◆ Work required
Below, find the line containing "商品名 ふたりで書く育児日記 商品詳細" and the line containing "36 darabos étkészlet, törhetetlen"; reproduce exactly those two and every line between them, omitting pictures.

◆ Task input
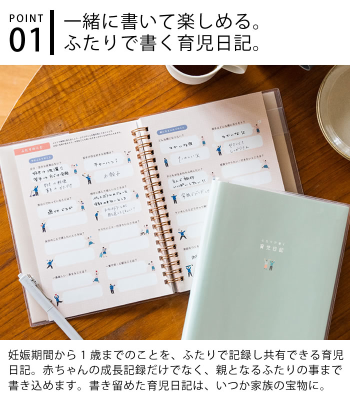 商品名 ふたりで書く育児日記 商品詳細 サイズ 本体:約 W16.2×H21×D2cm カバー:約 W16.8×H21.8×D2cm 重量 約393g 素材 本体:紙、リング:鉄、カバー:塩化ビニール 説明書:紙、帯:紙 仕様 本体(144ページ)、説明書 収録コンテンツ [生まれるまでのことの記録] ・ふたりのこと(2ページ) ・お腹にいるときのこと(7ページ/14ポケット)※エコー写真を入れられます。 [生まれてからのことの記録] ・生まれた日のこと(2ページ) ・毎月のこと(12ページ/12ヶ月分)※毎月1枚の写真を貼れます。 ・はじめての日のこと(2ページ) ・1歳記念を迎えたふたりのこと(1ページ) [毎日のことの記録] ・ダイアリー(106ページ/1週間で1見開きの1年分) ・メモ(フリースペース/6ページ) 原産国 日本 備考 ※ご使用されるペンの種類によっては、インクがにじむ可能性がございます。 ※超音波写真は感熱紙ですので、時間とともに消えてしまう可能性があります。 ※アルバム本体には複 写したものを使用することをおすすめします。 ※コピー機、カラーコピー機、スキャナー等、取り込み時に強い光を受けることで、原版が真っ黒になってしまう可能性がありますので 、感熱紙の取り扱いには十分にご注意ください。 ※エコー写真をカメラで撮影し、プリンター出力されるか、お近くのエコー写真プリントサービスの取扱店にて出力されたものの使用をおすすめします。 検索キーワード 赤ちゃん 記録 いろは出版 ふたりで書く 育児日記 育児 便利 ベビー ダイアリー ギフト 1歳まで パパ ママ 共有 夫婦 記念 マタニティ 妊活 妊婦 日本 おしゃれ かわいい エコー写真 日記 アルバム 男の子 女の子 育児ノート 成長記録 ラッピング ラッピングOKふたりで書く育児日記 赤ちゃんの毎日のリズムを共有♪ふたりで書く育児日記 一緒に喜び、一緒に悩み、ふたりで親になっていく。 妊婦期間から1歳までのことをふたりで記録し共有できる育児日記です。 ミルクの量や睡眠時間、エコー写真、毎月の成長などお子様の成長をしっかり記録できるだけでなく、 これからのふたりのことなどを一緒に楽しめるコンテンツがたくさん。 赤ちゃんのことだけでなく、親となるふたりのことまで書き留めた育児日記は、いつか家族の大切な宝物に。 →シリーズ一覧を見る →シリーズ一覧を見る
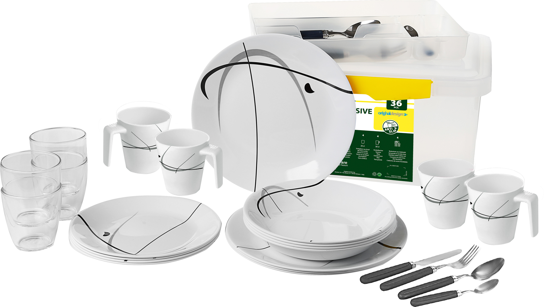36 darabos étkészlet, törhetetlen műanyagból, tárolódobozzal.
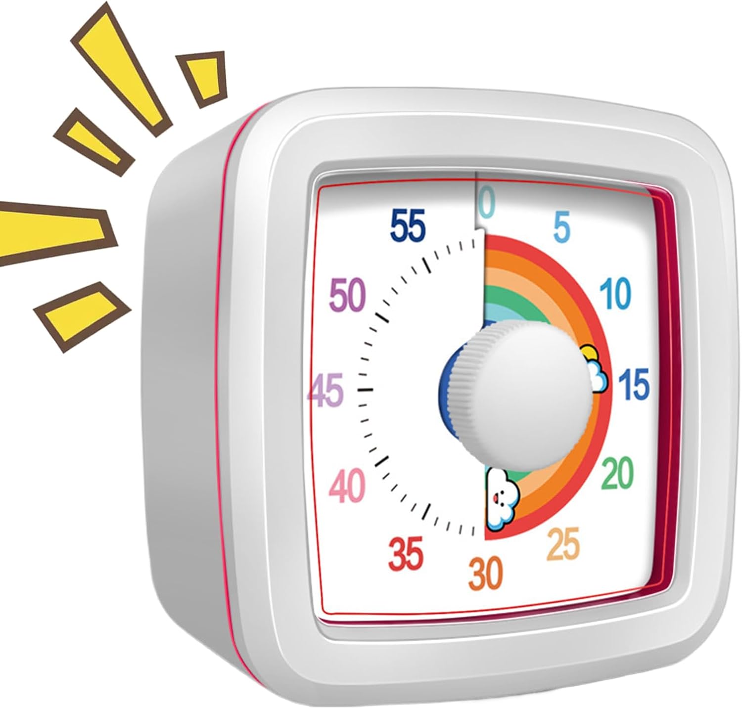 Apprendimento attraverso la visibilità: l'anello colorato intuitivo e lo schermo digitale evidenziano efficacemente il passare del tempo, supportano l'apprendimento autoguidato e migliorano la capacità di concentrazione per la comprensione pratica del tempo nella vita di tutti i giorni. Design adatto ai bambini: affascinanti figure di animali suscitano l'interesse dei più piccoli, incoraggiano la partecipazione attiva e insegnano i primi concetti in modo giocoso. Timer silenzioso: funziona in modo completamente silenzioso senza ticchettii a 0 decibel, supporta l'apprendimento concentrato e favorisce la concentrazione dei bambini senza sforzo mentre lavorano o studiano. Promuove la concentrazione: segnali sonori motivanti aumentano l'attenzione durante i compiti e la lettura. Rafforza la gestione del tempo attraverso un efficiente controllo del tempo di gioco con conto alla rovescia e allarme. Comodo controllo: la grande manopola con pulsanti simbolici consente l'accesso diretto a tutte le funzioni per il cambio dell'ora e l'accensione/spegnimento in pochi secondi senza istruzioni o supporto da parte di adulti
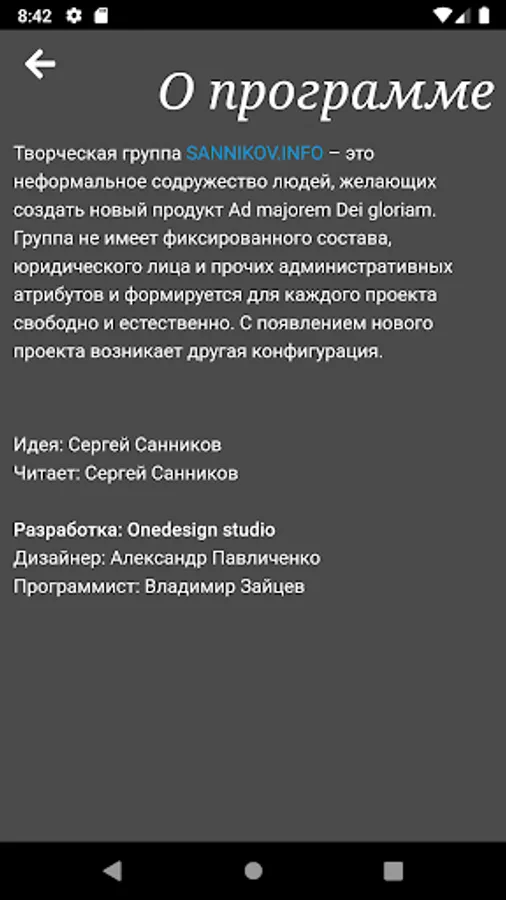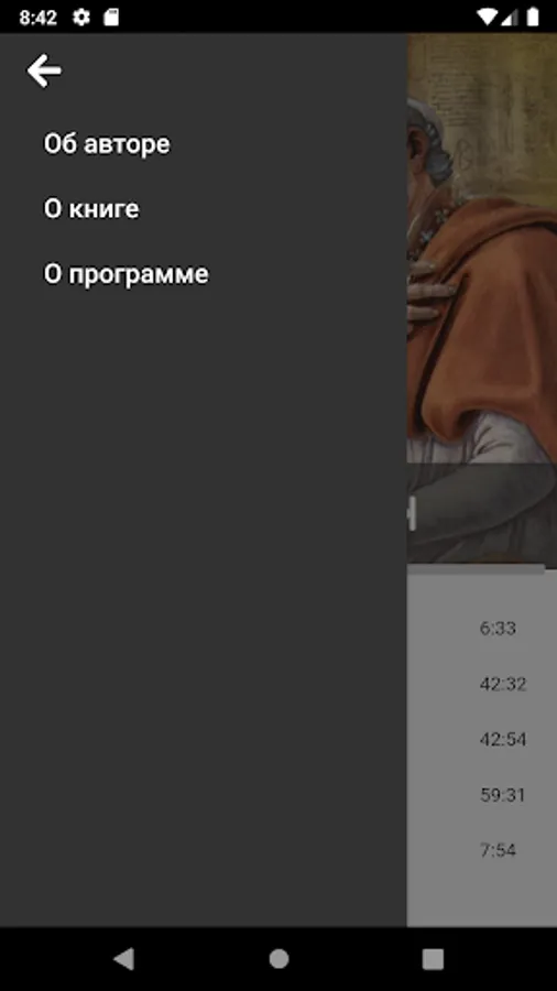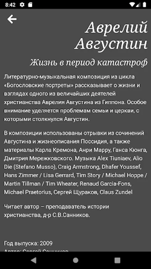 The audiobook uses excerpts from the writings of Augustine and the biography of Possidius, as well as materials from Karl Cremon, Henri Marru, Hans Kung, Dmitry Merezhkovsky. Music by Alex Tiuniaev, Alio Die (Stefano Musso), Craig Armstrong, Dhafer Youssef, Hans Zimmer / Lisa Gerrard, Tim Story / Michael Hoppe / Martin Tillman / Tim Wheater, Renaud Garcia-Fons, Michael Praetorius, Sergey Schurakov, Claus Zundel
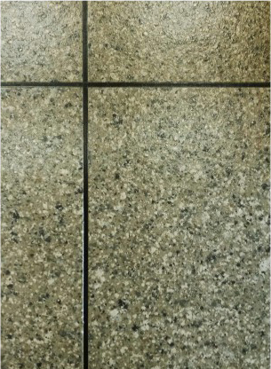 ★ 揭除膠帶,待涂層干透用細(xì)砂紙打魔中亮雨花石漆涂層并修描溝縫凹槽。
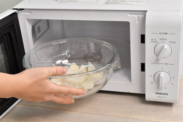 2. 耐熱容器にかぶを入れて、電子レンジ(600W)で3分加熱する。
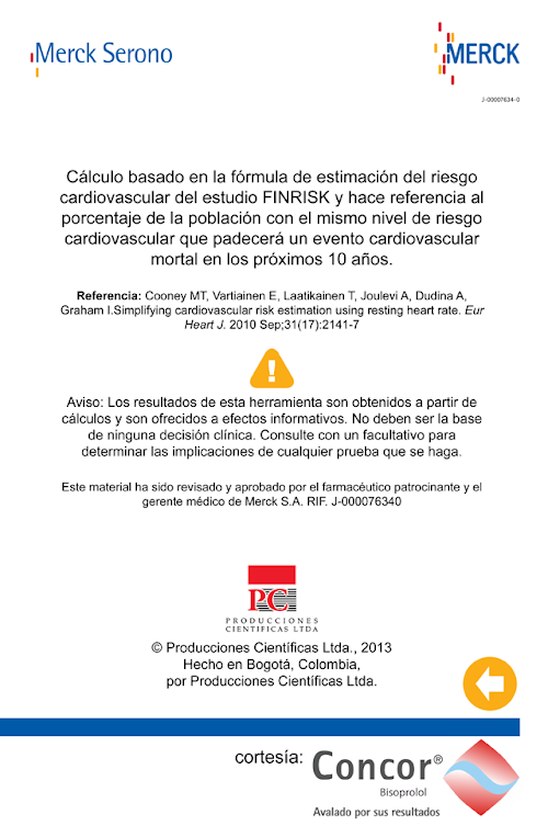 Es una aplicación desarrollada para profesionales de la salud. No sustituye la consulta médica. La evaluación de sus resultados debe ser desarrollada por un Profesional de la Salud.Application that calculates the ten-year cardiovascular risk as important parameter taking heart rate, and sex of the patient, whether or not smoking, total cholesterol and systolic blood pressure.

* * *

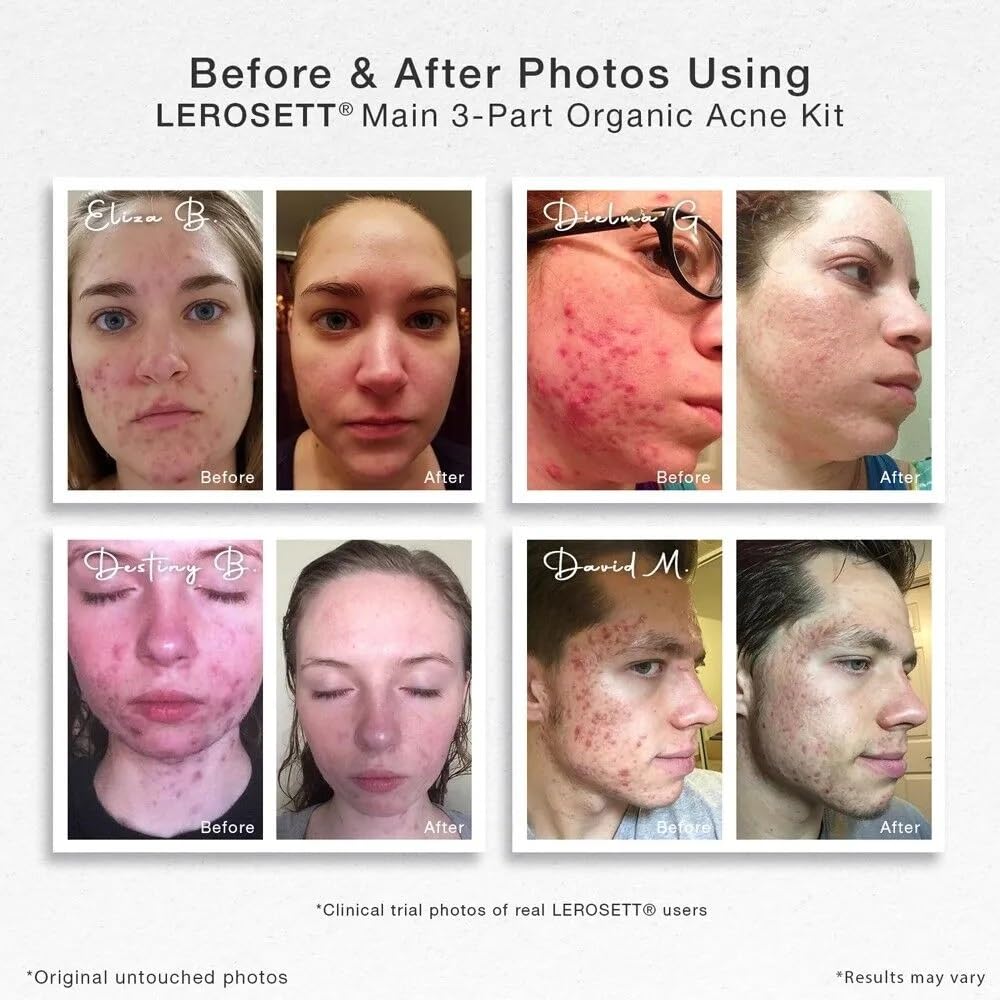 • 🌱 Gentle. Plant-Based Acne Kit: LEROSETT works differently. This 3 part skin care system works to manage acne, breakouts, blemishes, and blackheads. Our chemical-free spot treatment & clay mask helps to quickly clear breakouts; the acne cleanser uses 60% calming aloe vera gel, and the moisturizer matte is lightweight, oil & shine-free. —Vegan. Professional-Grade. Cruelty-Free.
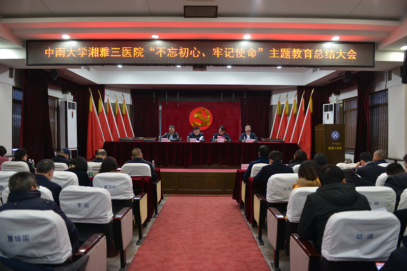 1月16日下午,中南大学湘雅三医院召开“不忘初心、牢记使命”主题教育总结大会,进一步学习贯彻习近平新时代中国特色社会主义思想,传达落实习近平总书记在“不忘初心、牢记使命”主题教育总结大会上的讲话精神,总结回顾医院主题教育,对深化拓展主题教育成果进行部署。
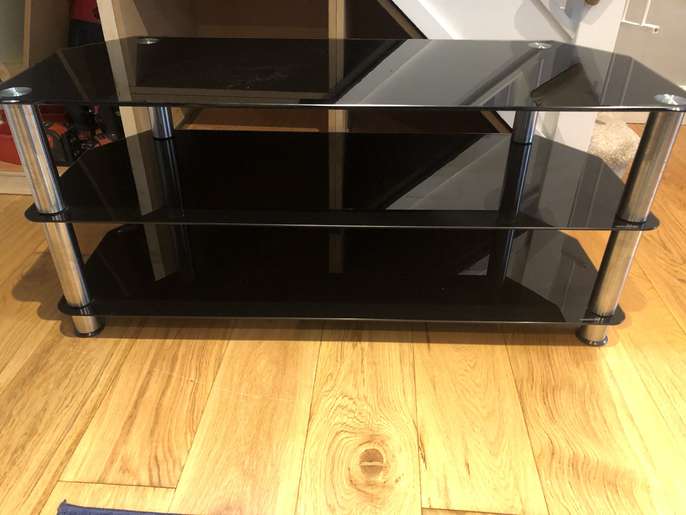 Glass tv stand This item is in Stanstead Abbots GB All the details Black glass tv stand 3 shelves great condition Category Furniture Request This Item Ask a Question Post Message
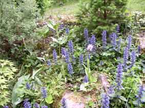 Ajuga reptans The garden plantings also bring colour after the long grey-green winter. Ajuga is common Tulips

◆ Output of the task
 商品名 ふたりで書く育児日記 商品詳細 サイズ 本体:約 W16.2×H21×D2cm カバー:約 W16.8×H21.8×D2cm 重量 約393g 素材 本体:紙、リング:鉄、カバー:塩化ビニール 説明書:紙、帯:紙 仕様 本体(144ページ)、説明書 収録コンテンツ [生まれるまでのことの記録] ・ふたりのこと(2ページ) ・お腹にいるときのこと(7ページ/14ポケット)※エコー写真を入れられます。 [生まれてからのことの記録] ・生まれた日のこと(2ページ) ・毎月のこと(12ページ/12ヶ月分)※毎月1枚の写真を貼れます。 ・はじめての日のこと(2ページ) ・1歳記念を迎えたふたりのこと(1ページ) [毎日のことの記録] ・ダイアリー(106ページ/1週間で1見開きの1年分) ・メモ(フリースペース/6ページ) 原産国 日本 備考 ※ご使用されるペンの種類によっては、インクがにじむ可能性がございます。 ※超音波写真は感熱紙ですので、時間とともに消えてしまう可能性があります。 ※アルバム本体には複 写したものを使用することをおすすめします。 ※コピー機、カラーコピー機、スキャナー等、取り込み時に強い光を受けることで、原版が真っ黒になってしまう可能性がありますので 、感熱紙の取り扱いには十分にご注意ください。 ※エコー写真をカメラで撮影し、プリンター出力されるか、お近くのエコー写真プリントサービスの取扱店にて出力されたものの使用をおすすめします。 検索キーワード 赤ちゃん 記録 いろは出版 ふたりで書く 育児日記 育児 便利 ベビー ダイアリー ギフト 1歳まで パパ ママ 共有 夫婦 記念 マタニティ 妊活 妊婦 日本 おしゃれ かわいい エコー写真 日記 アルバム 男の子 女の子 育児ノート 成長記録 ラッピング ラッピングOKふたりで書く育児日記 赤ちゃんの毎日のリズムを共有♪ふたりで書く育児日記 一緒に喜び、一緒に悩み、ふたりで親になっていく。 妊婦期間から1歳までのことをふたりで記録し共有できる育児日記です。 ミルクの量や睡眠時間、エコー写真、毎月の成長などお子様の成長をしっかり記録できるだけでなく、 これからのふたりのことなどを一緒に楽しめるコンテンツがたくさん。 赤ちゃんのことだけでなく、親となるふたりのことまで書き留めた育児日記は、いつか家族の大切な宝物に。 →シリーズ一覧を見る →シリーズ一覧を見る
36 darabos étkészlet, törhetetlen műanyagból, tárolódobozzal.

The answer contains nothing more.